There is a growing concern that IOs founded after WWII, such as the United Nations (UN), International Monetary Fund, and NATO are out-of-date, stagnant and have ineffective decision-making processes to handle arising challenges. One cannot deal with today’s war-mongering neurotics with passive and verbose institutions.

Many IOs are increasingly losing their ability to govern and implement necessary measures to somehow control the unregulated realms that technology has created.

In her view, the UN needs reform, stressing the importance of new, more transparent working methods and claiming the need for permanent membership by African and Latin American countries: “How can we have a Security Council in 2015 that still reflects the geo-political architecture of 1945?” reflects Sushma Swaraj, the External Affairs Minister of India, in 2015.

This recent call for action is only one example of growing concern over the condition of the UN regarding the fact that real change will come sooner or later. 

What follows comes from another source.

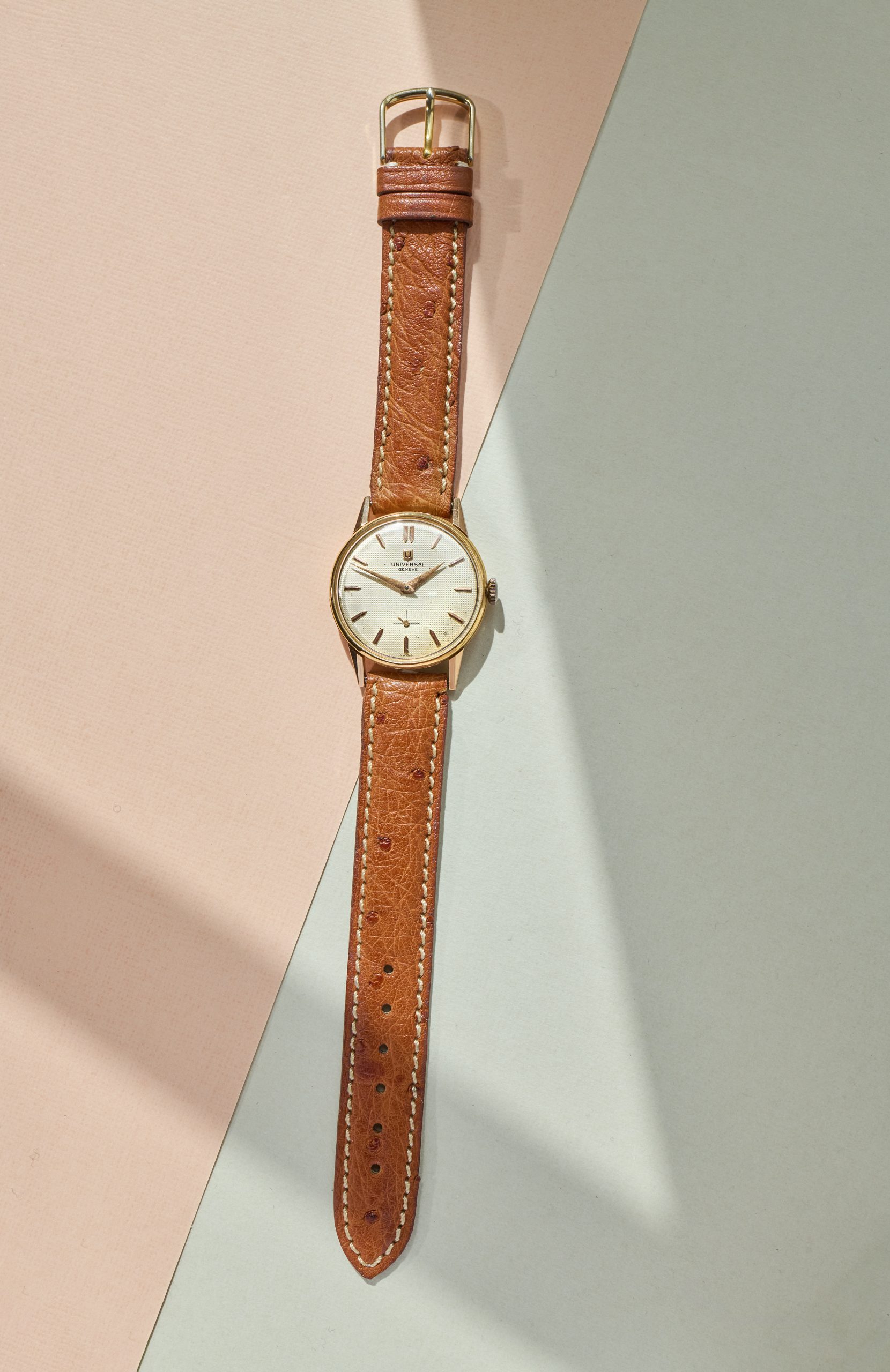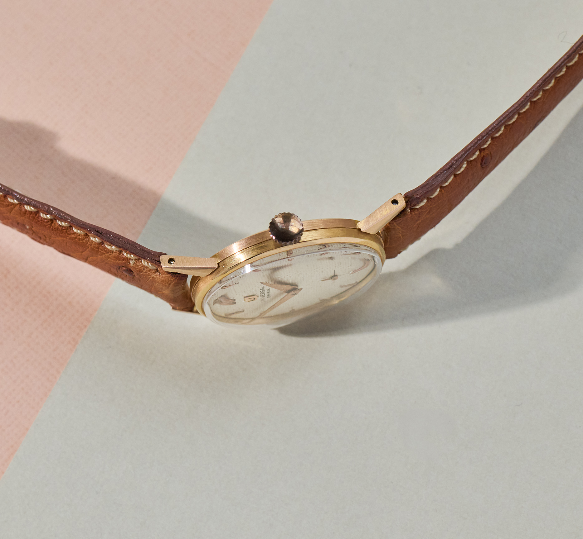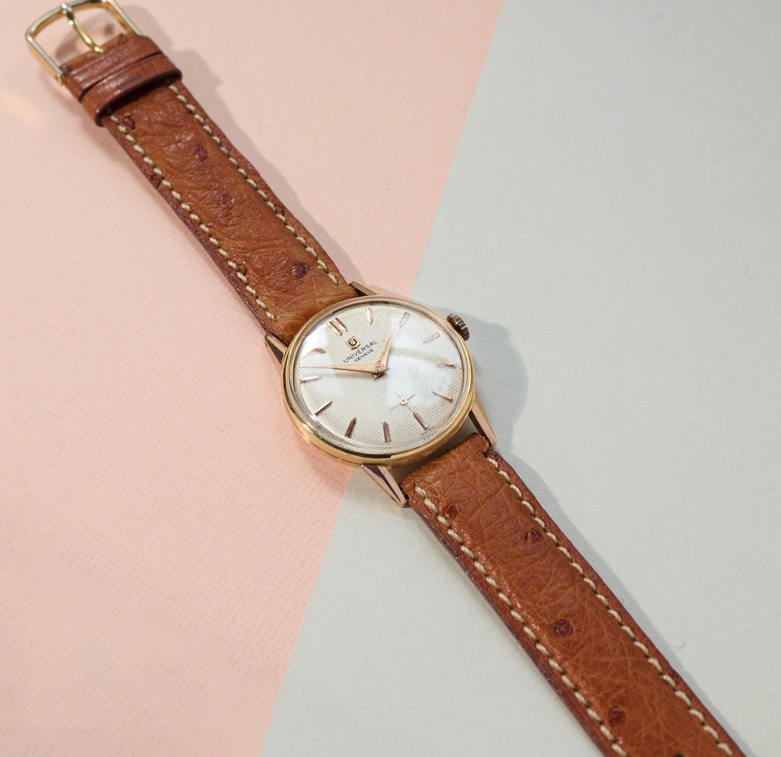 this is a charming Universal Geneve dresswatch from the 1960s in 18k rosegold. The 30mm goldcase is still unpolished and shows all numbers and hallmarks you would want to see. The cremewhite dial with honeycomb pattern shows some patina and is in full original condition. The handwinding UG caliber 330 is in good working order not being in the need for a service currently. This watch comes on a leatherband in cognac-color.

Participation: Social Media and Online Platforms Drive Profound Change in Foreign Policies

Although many observers note how social media platforms like Facebook and Twitter change global connectivity, the reality is that new technologies do not necessarily create democratic evolution online. Three major obstacles have been identified: first of all, new technologies empower individuals but can breed clusters of extremism, abuse, xenophobia and violence expressed on a number of online media and channels—one recent example is the enormous number of fake and distorted images of refugees with mocking memes that have circulated online in response to the widely proclaimed action of welcoming refugees on Twitter (#welcomerefugees); secondly, authoritarians including countries and separate individualist entities benefit from technology—for instance, in Syria the internet is another weapon of war.

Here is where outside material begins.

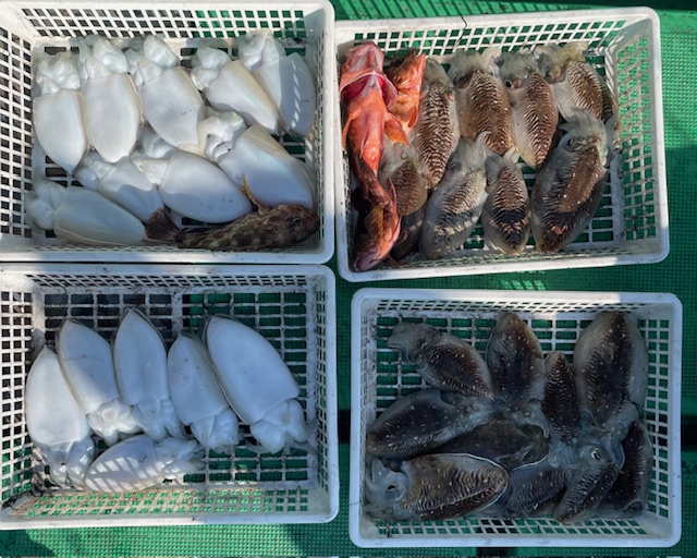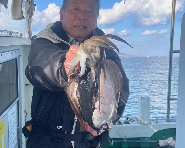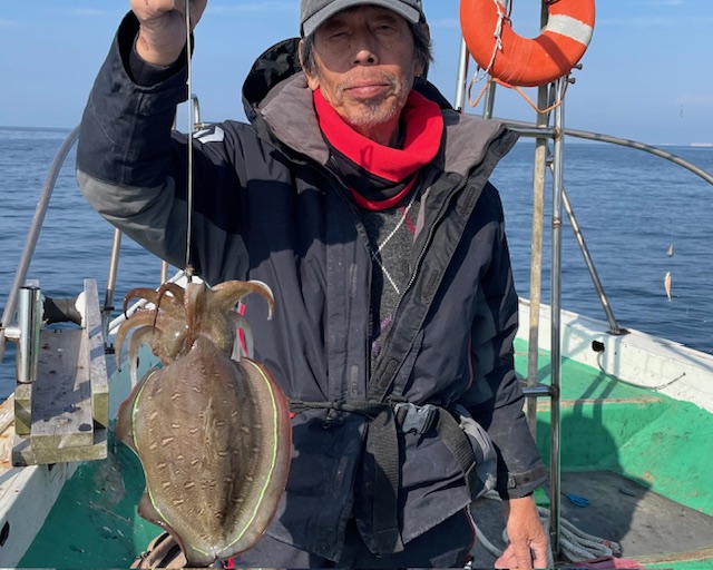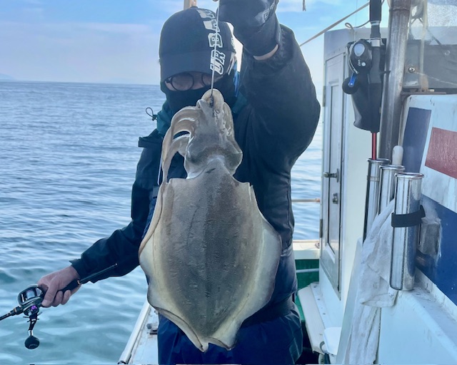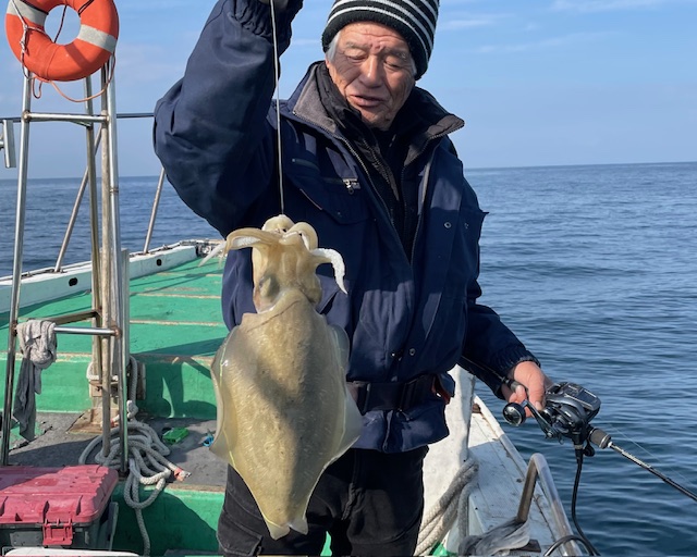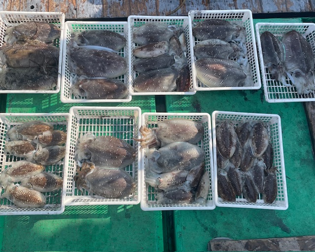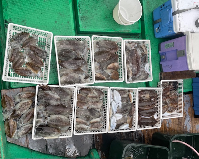 紋甲イカ好調でした 一人で紋甲イカ8ハイの方居られました 大きいもので約2キロ近くあるのでは

The control of connections and website content gives the government great power during the ongoing conflict—in fact, authoritarian governments are able to control technologies and use them to undermine social activism, thus gaining new forms of control and power. And thirdly, the ineffective implementation of technology can be both a harmful and costly endeavor—this was the case of in the U.S., where even supporters of so-called “Obamacare” described the platform as a faulty and extremely overpriced governmental tech launch. Indeed, governments and institutions often deal with poorly developed and protected platforms that cause more challenges than benefits.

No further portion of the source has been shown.